Chipper and assured Luxon arrived at Wellington airport on 14 November, buoyed by the expectation that this would be the day the first three-way meeting between his prospective coalition partners would be held. A government imminent, by George, he’d nearly done it.

Seymour dutifully arrived in Wellington that morning too, having also flown from Auckland.

Winston Peters: the maestro coalition conductor.

Lawrence Smith/Stuff

Winston Peters: the maestro coalition conductor.

Then the waiting began. Followed by the head-scratching as each arriving flight failed to deliver the unmistakable swagger and silhouette of ‘that hair’ and ‘those suits’.

The sources who had been drip feeding tid bits to journalists during the negotiations ran dry, the coalition confusion ran electric in the beltway breeze.

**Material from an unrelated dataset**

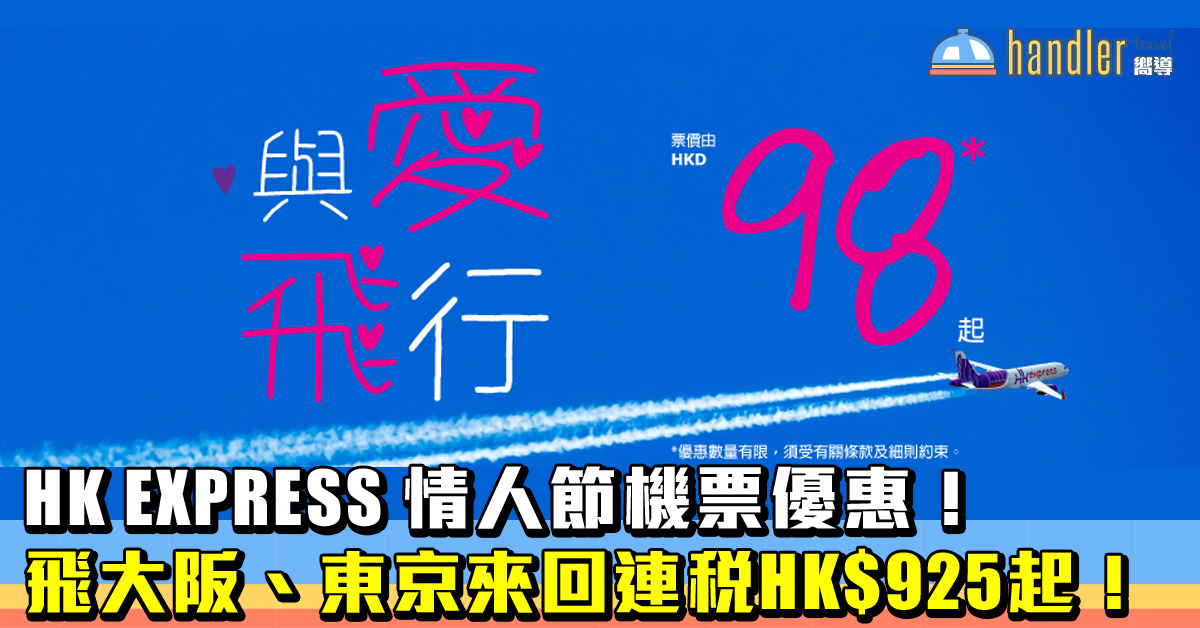 HK EXPRESS 推出情人節機票優惠「與愛飛行」,單程票價由 HK$98 起。預訂日期由 2 月 12 日~ 18 日,出發日期由 2 月 19 日~ 4 月 13 日,飛大阪單程HK$239起(來回連稅HK$961起)、東京單程HK$239起(來回連稅HK$925起)。

Winston Peters was a no-show.

But that wasn’t even the start of the biggest political play of 2023.

If Luxon and Seymour wanted their meeting, it was they, not he, who would have to board the flight of shame.

And so they did. On the very same day, just twelve hours after arriving in Wellington, tails tucked between legs, the leaders of the two biggest parties in the coalition traipsed back to Auckland where ‘that chuckle’ was waiting.